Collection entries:
= = = = = = =

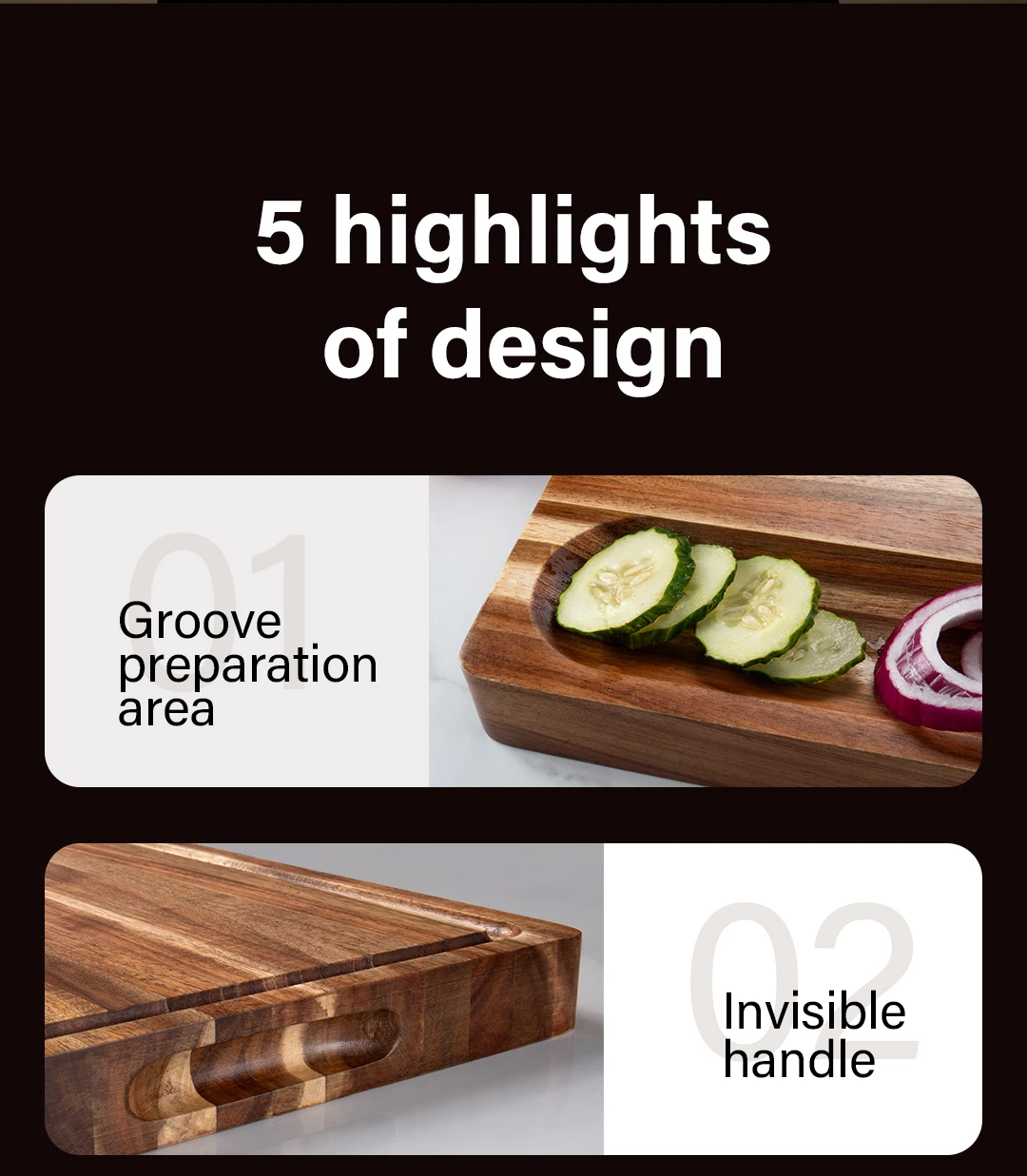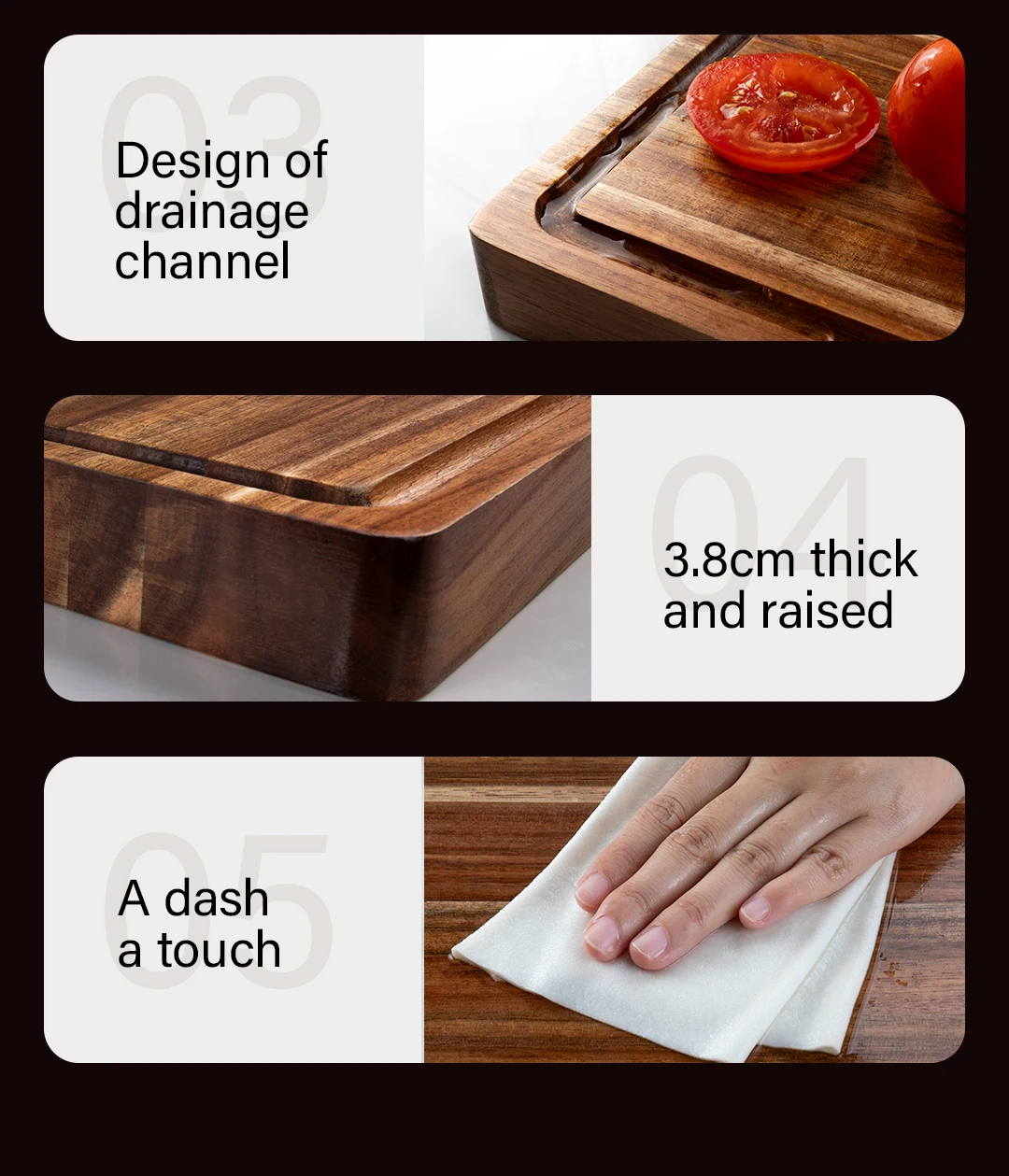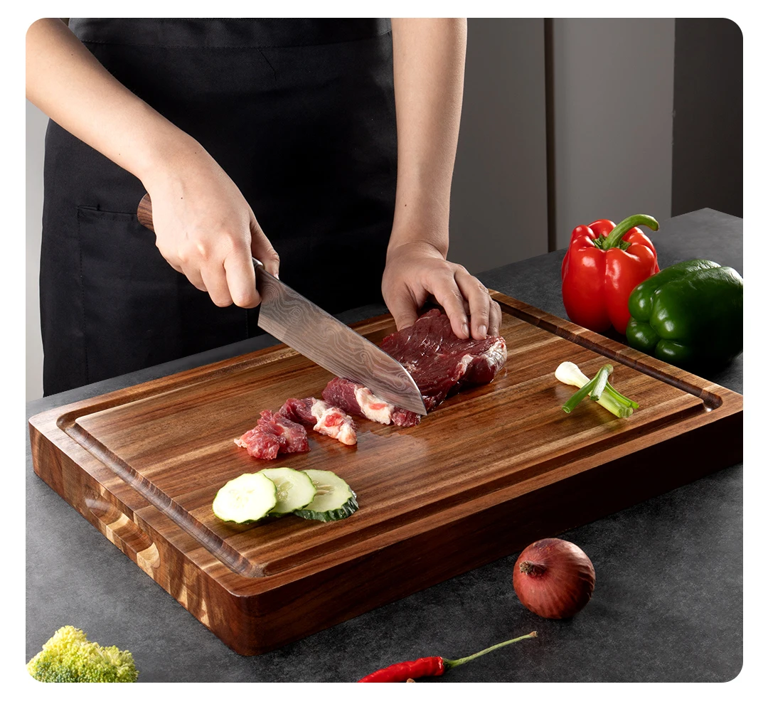 Thick Acacia Wood Cutting Board Double-sided Using Large Solid Wooden Chopping Block With Juice Groove Food-Safe Kitchen Tools
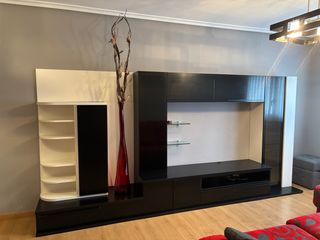 Mueble de salón con un diseño moderno y elegante, combinando acabados. - Estructura principal en color negro. - Paneles y estantes en color blanco. - Superficies de cristal. - Fabricado en madera. Se vende el mueble desmontado.
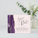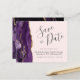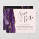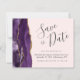 Den här eleganten sparar datumkortet med en lila vattenfärgsagat gräns som trimmas med faux guld glitter. Anpassadet kombinerar handskriftsskript för kol-grått, kopparplåt och kursivt typsnitt på rosa. Den omvända sidan har en matchande lila- och guld-agate-design.
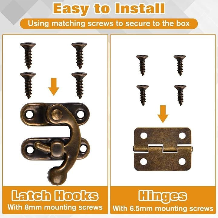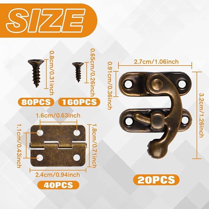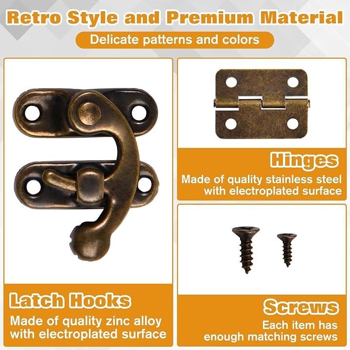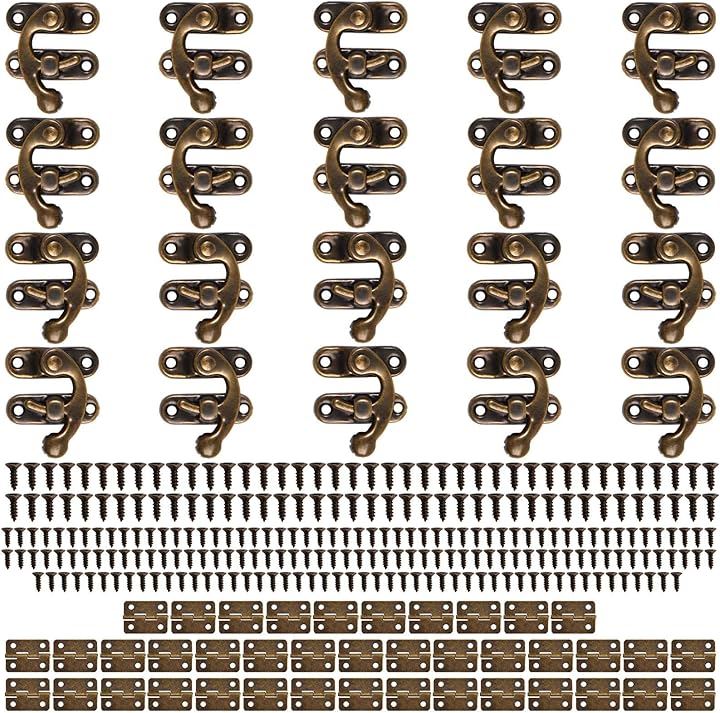 20個 スイングアーム 右ラッチフック留め金 ジュエリーボックスハスプ フックロックラッチ 亜鉛合金 木製ジュエリーボックス 装飾ホーンロック 収納用 小箱蝶番 対応するネジと共に
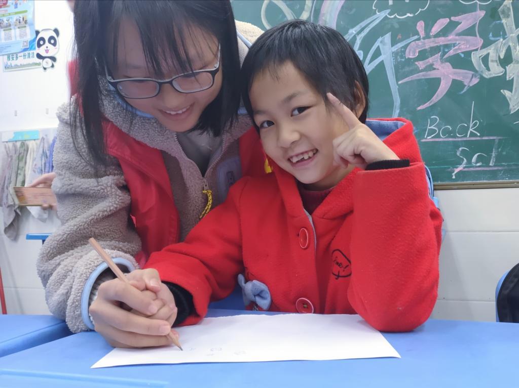 活动最后,志愿者带领孩子回顾了这节课的内容。“考考大家重阳节是几月几号?”“九月九日!”,志愿者老师提问孩子们都积极并正确得回答。“摇啊摇摇到外婆桥”课堂在一首合唱的歌谣中结束,孩子们与志愿者们拥抱说再见。这些孩子与其他孩子们并无不同,他们用简单的方式传递着最真挚的感情,拥抱志愿者与志愿者说再见传递着他们的不舍之情。志愿者们在孩子们的再见声中踏出了校门,心中期待下一次见面。
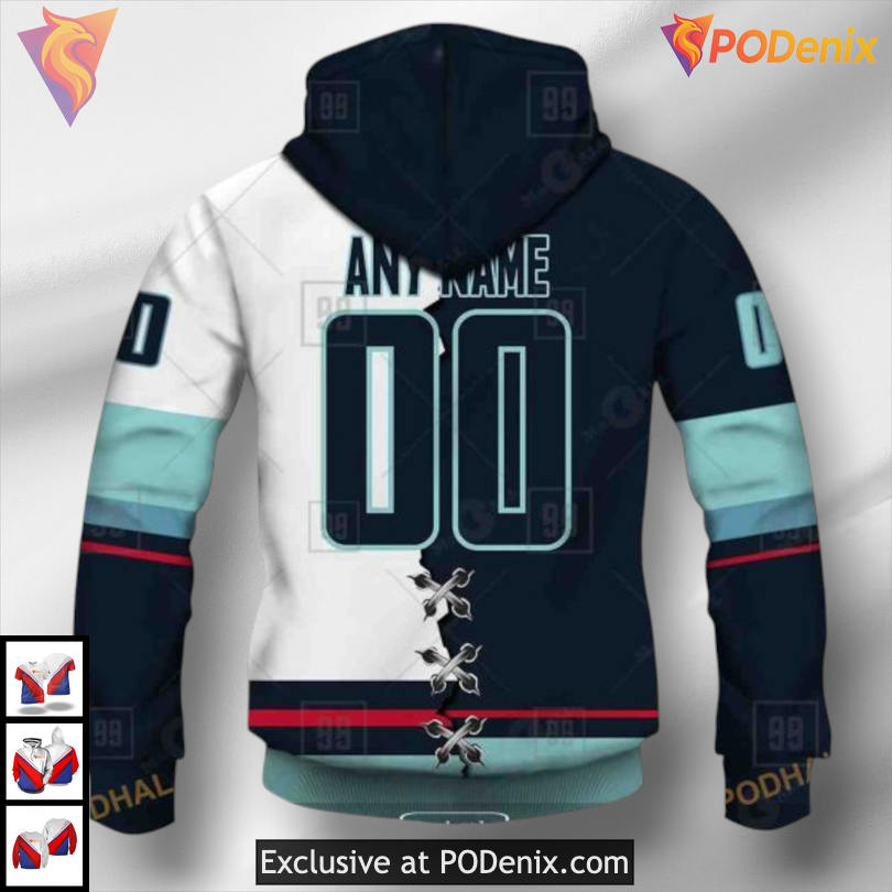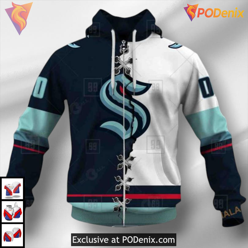 Product Information for Mix Color Jersey 2025 Tribute Edition Custom Seattle Kraken Full Print Hoodie 3D:
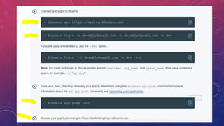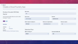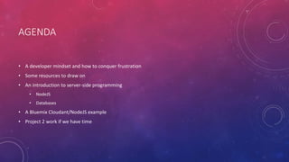 This document provides an overview of various topics related to developing a NodeJS application with a database. It discusses mindsets for developers, resources for learning to code like online courses and communities, and technologies involved in web development like front-end versus back-end programming. It also introduces NodeJS, databases like MongoDB and Cloudant, and provides instructions for an example app using Cloudant on Bluemix. Students are assigned homework to deploy this example app and modify it for their own purposes.
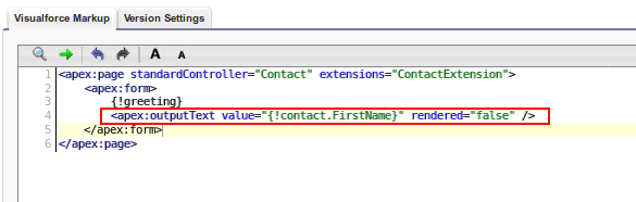 <apex:outputText value="{!contact.FirstName}" rendered="false" />
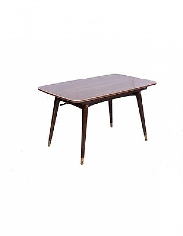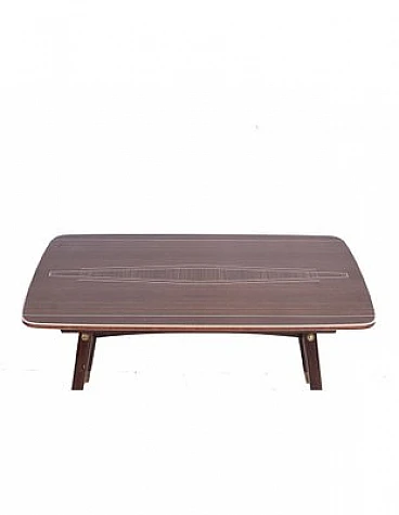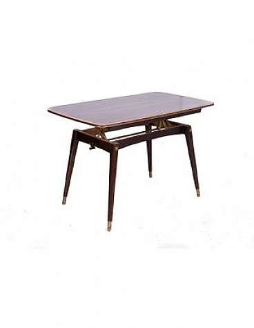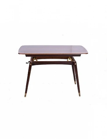 Tavolino in legno con piano rialzabile a manovella, anni '70
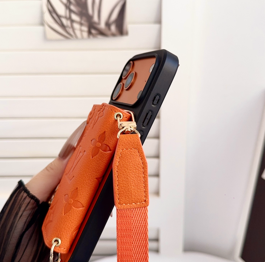 Louis Vuitton Leather iPhone Wallet Case With Crossbody Strap
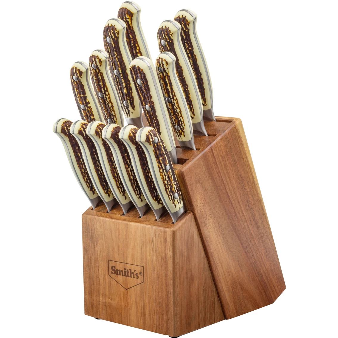 Smith’s Cabin and Lodge 15 pc. set includes the most useful knives needed in any kitchen, and a six-piece steak knife set, and their own hardwood storage and display block. Hand washing is required to keep your knives in superior condition. Each of these Cabin & Lodge knives addresses a real need in the kitchen of the casual cook, or those with a more ambitious flare. Each knife leaves the factory with a precise edge that will make your cutting chores a breeze.
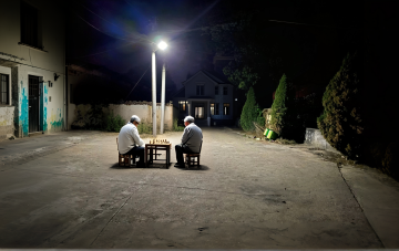 温暖柔和的晨光透过木质窗棂洒入室内,照亮了一对老年夫妇的背影,老先生穿着浅色衬衫,戴着眼镜,左手轻轻搭在身旁穿着碎花上衣的老太太肩上,两人依偎着望向窗外,窗外可见翠绿的树枝,室内窗台上摆放着古朴的陶瓷茶壶、茶杯和一盆红色花卉,整体画面呈现出温馨、宁静、岁月静好的氛围,光影层次丰富,色调温暖偏黄,具有高度写实的质感和细腻的细节刻画。
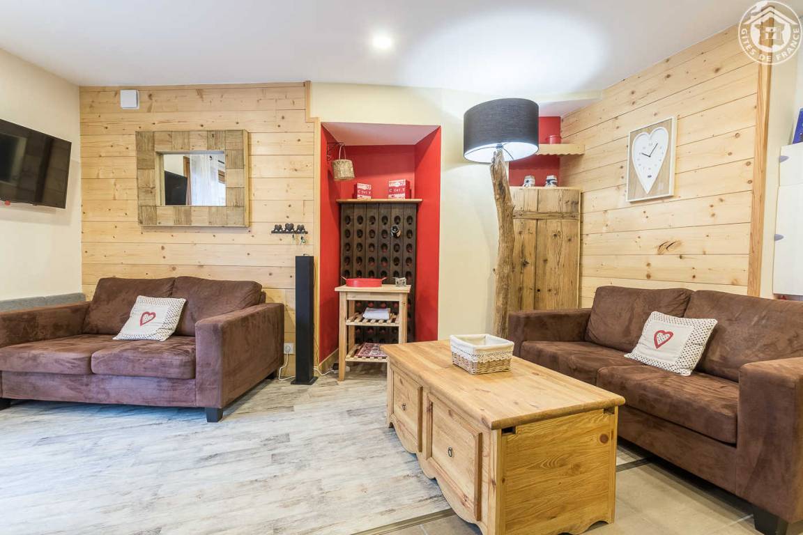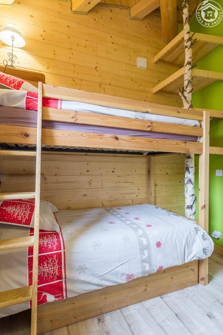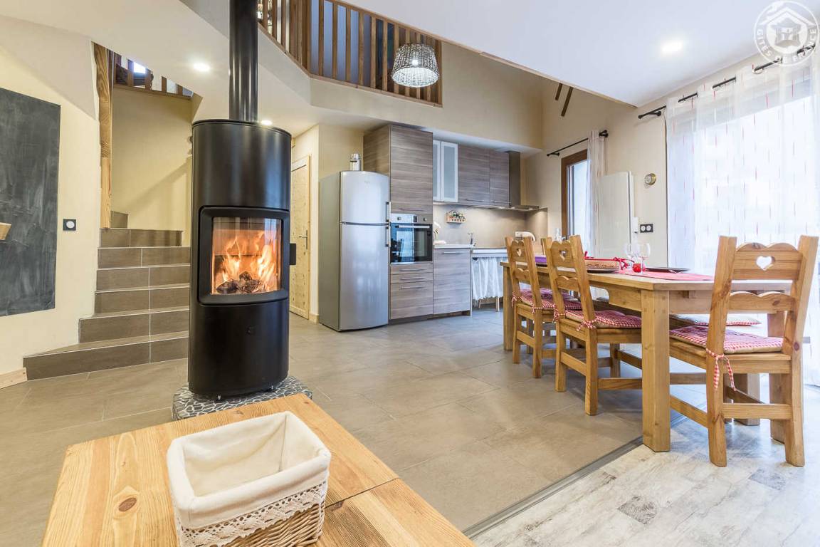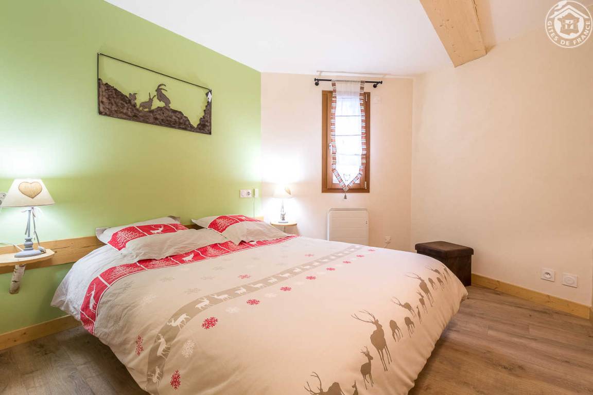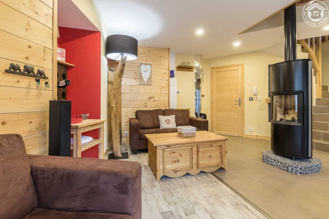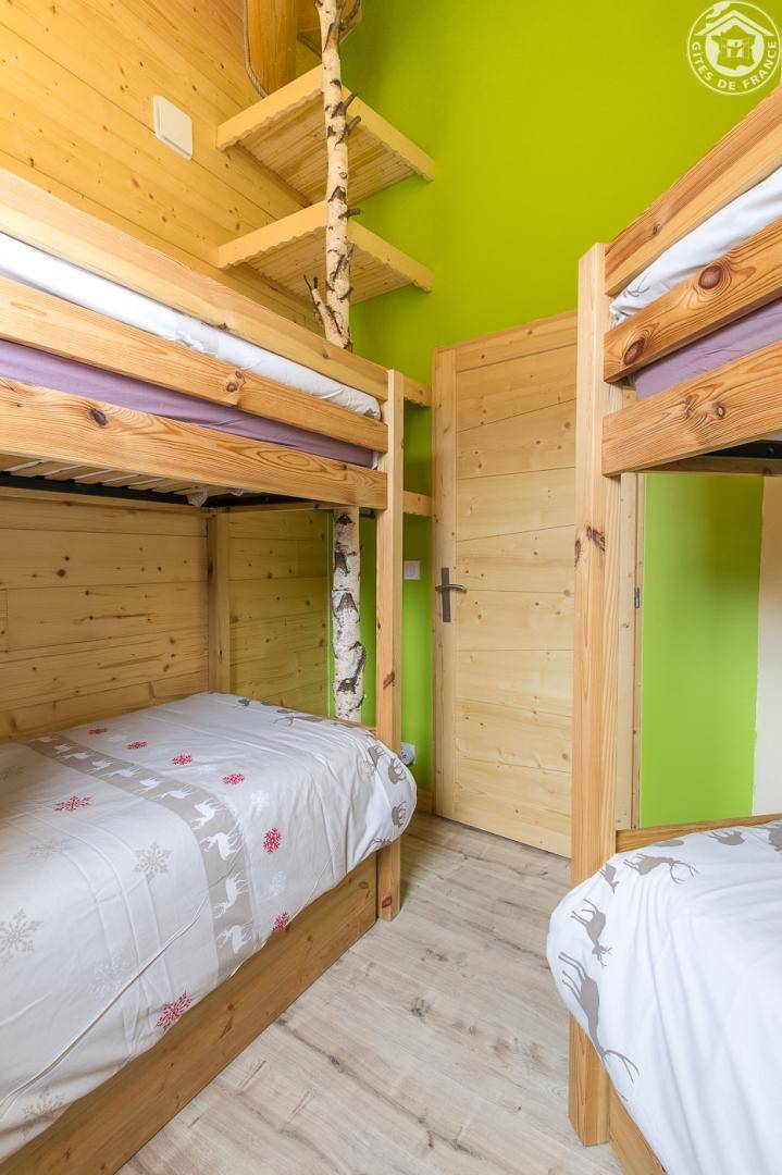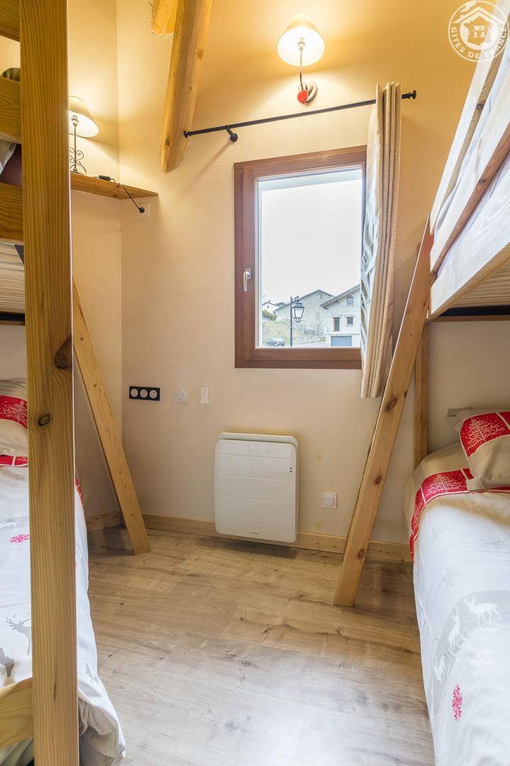 Gîte in einem Haus mit 1 weiteren Gîte für 6 Personen. Gemeinsamer Eingang. Erdgeschoss: Wohnküche mit Holzofen (Holz inklusive), 1 Schlafzimmer für 2 Personen (1 160 x 200 cm großes Bett). Badezimmer (Dusche + WC) zugänglich für Personen mit eingeschränkter Mobilität. Erster Stock: 2 Schlafzimmer (4 Etagenbetten / 1 Doppelbett). Duschraum (integriertes WC) + separates WC. Private Terrasse mit Blick auf das Tal. Waschmaschine und Trockner befinden sich im gemeinsamen Waschraum. Privater Skiraum + elektrischer Schuhtrockner. Fahrradkeller. Rodeln möglich. Gemeinsamer Wellnessbereich gegen Aufpreis und nach Reservierung mit Sauna, Bar, Heimkino und ausgestatteter überdachter Terrasse (kontaktieren Sie die Eigentümer). Ladesteckdose für Elektrofahrzeuge (Ladegebühr). Vermietung Sonntag - Sonntag in der Hochwintersaison

= = = = = = =

- AIM OF THE EXERCISE
Pictures are to be left out, and the lines from the beginning of the records through the line with "Louis Vuitton Leather" are to be printed exactly, with nothing added.

- REPLY
 Thick Acacia Wood Cutting Board Double-sided Using Large Solid Wooden Chopping Block With Juice Groove Food-Safe Kitchen Tools
 Mueble de salón con un diseño moderno y elegante, combinando acabados. - Estructura principal en color negro. - Paneles y estantes en color blanco. - Superficies de cristal. - Fabricado en madera. Se vende el mueble desmontado.
 Den här eleganten sparar datumkortet med en lila vattenfärgsagat gräns som trimmas med faux guld glitter. Anpassadet kombinerar handskriftsskript för kol-grått, kopparplåt och kursivt typsnitt på rosa. Den omvända sidan har en matchande lila- och guld-agate-design.
 20個 スイングアーム 右ラッチフック留め金 ジュエリーボックスハスプ フックロックラッチ 亜鉛合金 木製ジュエリーボックス 装飾ホーンロック 収納用 小箱蝶番 対応するネジと共に
 活动最后,志愿者带领孩子回顾了这节课的内容。“考考大家重阳节是几月几号?”“九月九日!”,志愿者老师提问孩子们都积极并正确得回答。“摇啊摇摇到外婆桥”课堂在一首合唱的歌谣中结束,孩子们与志愿者们拥抱说再见。这些孩子与其他孩子们并无不同,他们用简单的方式传递着最真挚的感情,拥抱志愿者与志愿者说再见传递着他们的不舍之情。志愿者们在孩子们的再见声中踏出了校门,心中期待下一次见面。
 Product Information for Mix Color Jersey 2025 Tribute Edition Custom Seattle Kraken Full Print Hoodie 3D:
 This document provides an overview of various topics related to developing a NodeJS application with a database. It discusses mindsets for developers, resources for learning to code like online courses and communities, and technologies involved in web development like front-end versus back-end programming. It also introduces NodeJS, databases like MongoDB and Cloudant, and provides instructions for an example app using Cloudant on Bluemix. Students are assigned homework to deploy this example app and modify it for their own purposes.
 <apex:outputText value="{!contact.FirstName}" rendered="false" />
 Tavolino in legno con piano rialzabile a manovella, anni '70
 Louis Vuitton Leather iPhone Wallet Case With Crossbody Strap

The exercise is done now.